School of Science, Engineering and Information Technology

Deterministic Algorithms for Large-Scale Computation and Multi-Level Optimization

Project Title:

Deterministic Algorithms for Large-Scale Computation and Multi-Level Optimization


David Yang Gao, Alex Rubinov Professor of Mathematics, Federation University

Tudor Ratiu, Honorary Professor, Shanghai Jiao Tong University

Ron G. Chen, Honorary Professor, City University, Hong Kong

Shu-Cherng Fang, Honorary Professor, North Carolina State University, USA

Eldar Hajilarov, Lecturer

Ning Ruan, Senior Research Fellow

Vittorio Latorre, Research Fellow

Contact person and email address:

David Yang Gao,

A brief description of the project:

Continuously supported by multi-million dollar grants from US Air Force Office for Scientific Research (AFOSR) over the past 10 years, our goal is to conduct a unique pioneering research in the multidisciplinary fields of

  • nonconvex science;
  • large-scale computational mathematics;
  • industrial and systems engineering.

The nonconvexity is essential in natural phenomena. It is the main reason that leads to chaos in complex dynamics, phase transitions in material science, bifurcation in nonlinear systems, fundamental difficulties in game theory and decision-making, as well as many NP-hard problems in global optimization and computer science. Composed by the pioneering researchers and world well-known scholars in applied mathematicians, computer science, and systems engineering, our group has developed internationally recognized research in nonconvex science with successfully applications in multidisciplinary fields of applied mathematics, engineering mechanics, operations research, global optimization, decision and computer science.  We are continuously providing breakthrough theories, methods, and computational techniques for young people to conduct cutting-edge research projects in multidisciplinary fields of applied mathematics and engineering sciences.

Research Project

Deterministic Algorithms for Large-Scale Computation and Multi-Level Optimization

In multi-scale complex systems and computer science, many challenging nonlinear equilibrium equations can be reformulated as certain nonconvex/discrete optimization problems via either variational principles or the least squares method. Conventional numerical analysis and direct approaches can’t solve these problems deterministically due to the lack of global optimality condition. The well-known deterministic methods can’t solve nonconvex/discrete minimization problems in polynomial time. Therefore, most nonconvex minimization problems are considered as NP-hard in global optimization and computer sciences.

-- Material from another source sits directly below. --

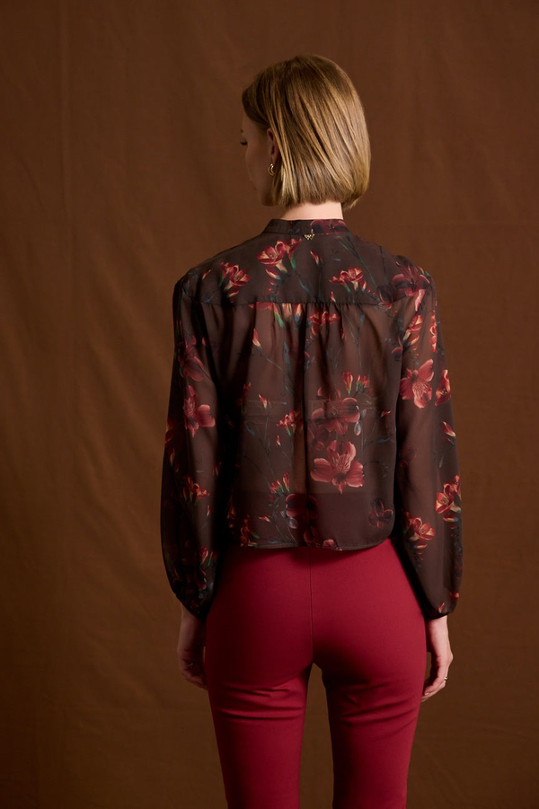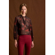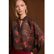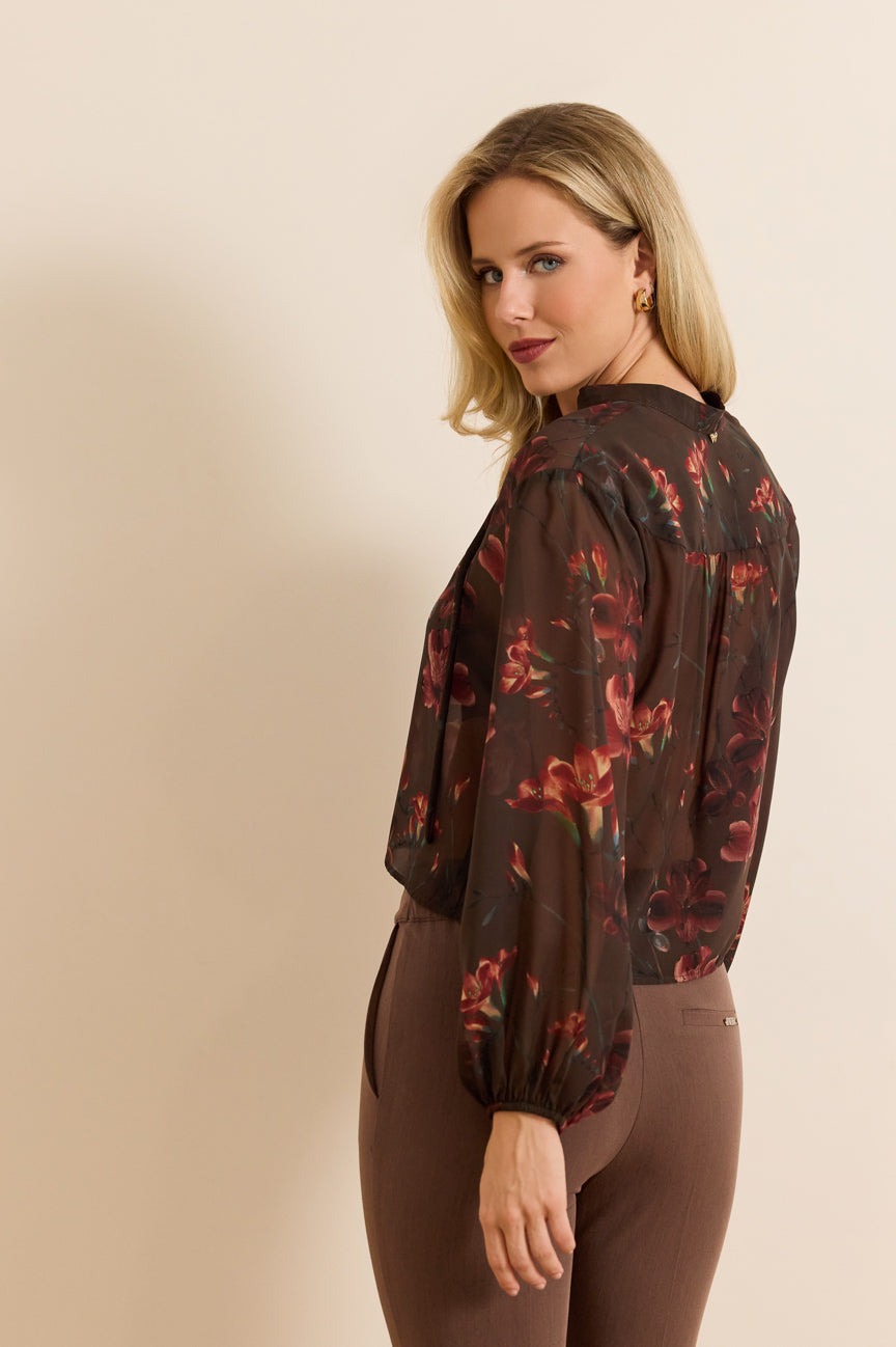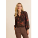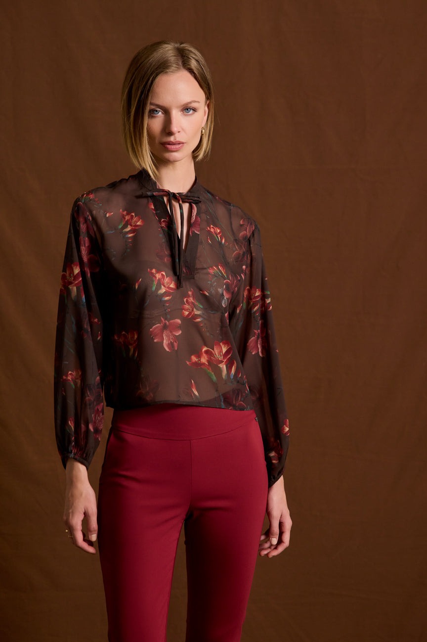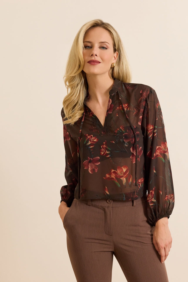 Μπλούζα εμπριμέ με δέσιμο. Σταθερό ύφασμα, μουσελίνα ημιδιάφανη.

Unfortunately, this fundamental difficulty is not fully recognized in computational mathematics/mechanics due to the significant gap between these fields.

The main goal of this project is to develop deterministic method and polynomial-time algorithms for solving challenging nonconvex and discrete problems in multidisciplinary fields of computational mathematics and mechanics with real-world applications, particularly in topology design of large-scale complex networks and large deformed structures, etc.